Goal of the exercise ->
In the records that follow, the lines from the one containing "Veste courte matelassée" to the one containing "Confidence in Federal", inclusive, are to be given again exactly.

Data for analysis ->
═══
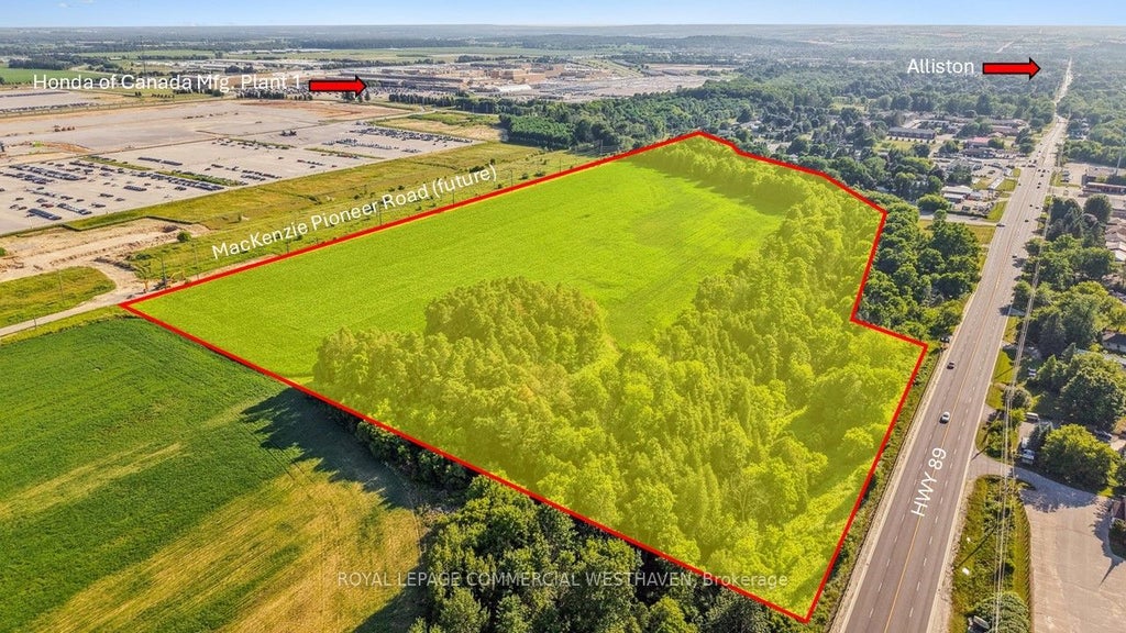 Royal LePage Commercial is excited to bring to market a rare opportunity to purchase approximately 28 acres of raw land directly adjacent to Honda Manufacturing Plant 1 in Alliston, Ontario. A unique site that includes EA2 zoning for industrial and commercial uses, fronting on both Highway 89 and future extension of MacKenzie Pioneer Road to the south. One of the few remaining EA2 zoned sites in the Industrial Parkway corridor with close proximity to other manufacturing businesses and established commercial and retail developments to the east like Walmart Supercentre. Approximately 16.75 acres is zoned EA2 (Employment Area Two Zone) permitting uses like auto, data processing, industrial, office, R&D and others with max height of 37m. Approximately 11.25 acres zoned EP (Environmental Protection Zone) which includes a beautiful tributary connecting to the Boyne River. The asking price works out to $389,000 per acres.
═══
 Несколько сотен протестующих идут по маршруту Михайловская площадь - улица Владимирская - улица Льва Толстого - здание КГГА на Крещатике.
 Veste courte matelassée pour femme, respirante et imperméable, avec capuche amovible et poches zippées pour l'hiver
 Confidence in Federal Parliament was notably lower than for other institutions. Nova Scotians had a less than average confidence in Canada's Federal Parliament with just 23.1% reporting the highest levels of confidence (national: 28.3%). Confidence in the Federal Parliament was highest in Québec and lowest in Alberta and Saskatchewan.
═══
Output for this task ->
 Veste courte matelassée pour femme, respirante et imperméable, avec capuche amovible et poches zippées pour l'hiver
 Confidence in Federal Parliament was notably lower than for other institutions. Nova Scotians had a less than average confidence in Canada's Federal Parliament with just 23.1% reporting the highest levels of confidence (national: 28.3%). Confidence in the Federal Parliament was highest in Québec and lowest in Alberta and Saskatchewan.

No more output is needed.